A lump came to her throat. If only Laura’s life was as happy as Debbie’s.

She took off her cardigan, put on a blouse, and retouched her lipstick.

Downstairs, the table was set for dinner. A vase of vivid red and yellow tulips stood in the centre. At each end, white dinner candles flickered. Suzanne sat at the place that had been laid for her, opposite David.

Katherine poured the wine. ‘Tuck in, guys. No need to be polite.’

David enthused about his latest project: converting his shed into an art studio. Suzanne pecked at her food. She wasn’t in the mood for talking.

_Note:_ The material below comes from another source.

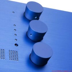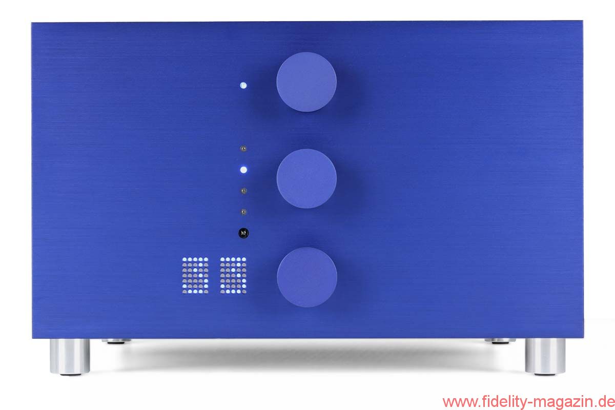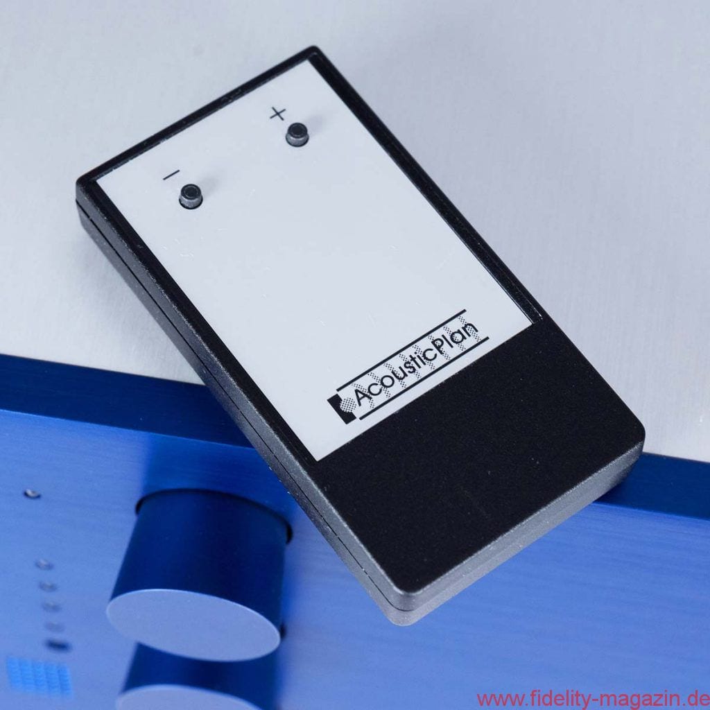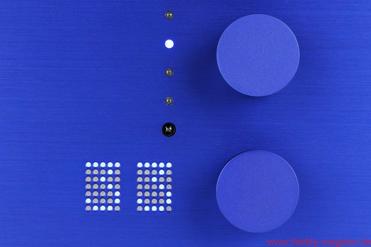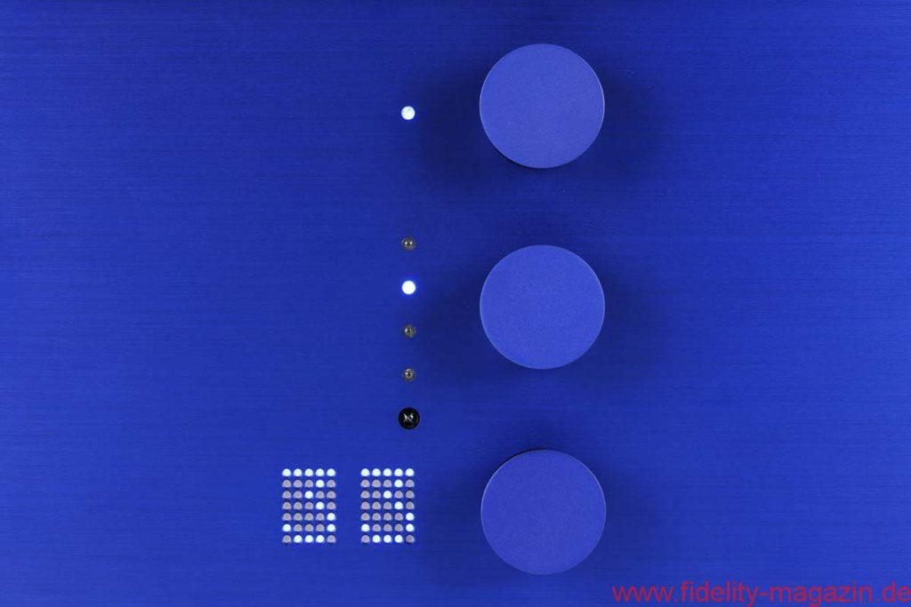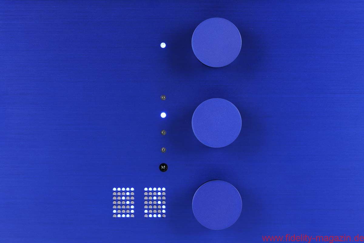 Der Mantra ist in der Grundversion ein klassischer analoger Hochpegelverstärker. Ein Phono-Einschub in Halbleitertechnik ist in Arbeit – einer von vielen Unterschieden zum ebenfalls hybriden Vorgänger Sitar, der an dieser Stelle auf Röhren setzte. Die Aluminium-Frontplatte strahlt im unverwechselbaren AcousticPlan-Nachtblau. Zu bedienen gibt es hier außer Quellenwahl und Pegelregelung (beides erfolgt via Relais) nichts. Die eingestellte Lautstärke ist von einer riesigen LED-Punktmatrix perfekt abzulesen. Ein „Direct Input“-Kippschalter auf der Rückseite verwandelt den Mantra in eine Stereo-Endstufe, das Display vermeldet daraufhin „DI“.

‘What are the women like, at your firm?’ Katherine asked David, during a lull in the conversation, with a teasing smile. ‘Any talent there?’

‘I told you, Kate, I’m steering clear of women at the moment.’

‘I thought you said your divorce didn’t leave you bitter and twisted,’ Katherine continued playfully.

Suzanne put down her fork. Divorce. The word was so bleak, so final. If she left Paul, what would happen to her? Would she end up skittering between dating websites and meet-up groups like some of her divorced friends? How would she cope with the loneliness? How would she begin to rebuild her life?

She stared at the tulips. They were glorious. Yet within a week they’d be wilting, ready to be thrown away.

‘I don’t know how I’ll live without Paul,’ she said.

Katherine blinked at her, mouth open.

David spoke softly, as if to himself.

‘You think it’s the end of the world, when your marriage ends, but it’s not. It’s a new start, another chance to be happy.’

He didn’t know how she felt. He couldn’t possibly.

David’s eyes met hers. They seemed to contain the strength that she lacked, the assurance that she didn’t have. ‘You’re going to leave him, aren’t you?’

‘Yes,’ she replied, without hesitation. ‘I’m going to leave him.’

No one spoke; it shocked her too, but she would manage. Somehow.

‘Good on you, love,’ Katherine said.

Suzanne searched her pockets for a tissue. ‘I’m sorry about this.’

Katherine dabbed at her own eyes with a finger. ‘I’ll get the Kleenex.’

David stood, his arms open. ‘How about a hug?’

Although she hardly knew him, she didn’t hesitate. This was right. His arms enclosed her with a light pressure. She felt his heart beating and his warmth, and wished this simple touch could go on forever.

24

LAURA

30 APRIL 2011

Asluggish light slipped through the curtains. Laura raised her head from the pillow. A bee in her ear? No, someone was at the door. She turned over, hoping whoever it was would go away. Her dream caught mid-frame, trapped in her head.

A younger version of herself, holding Emma’s hand, walking towards the front door of her childhood home. The front door is on the latch. No one seems to be in, it is so quiet. They go upstairs. We can play in my room , she’s thinking, out of everyone’s way . She pushes open her bedroom door.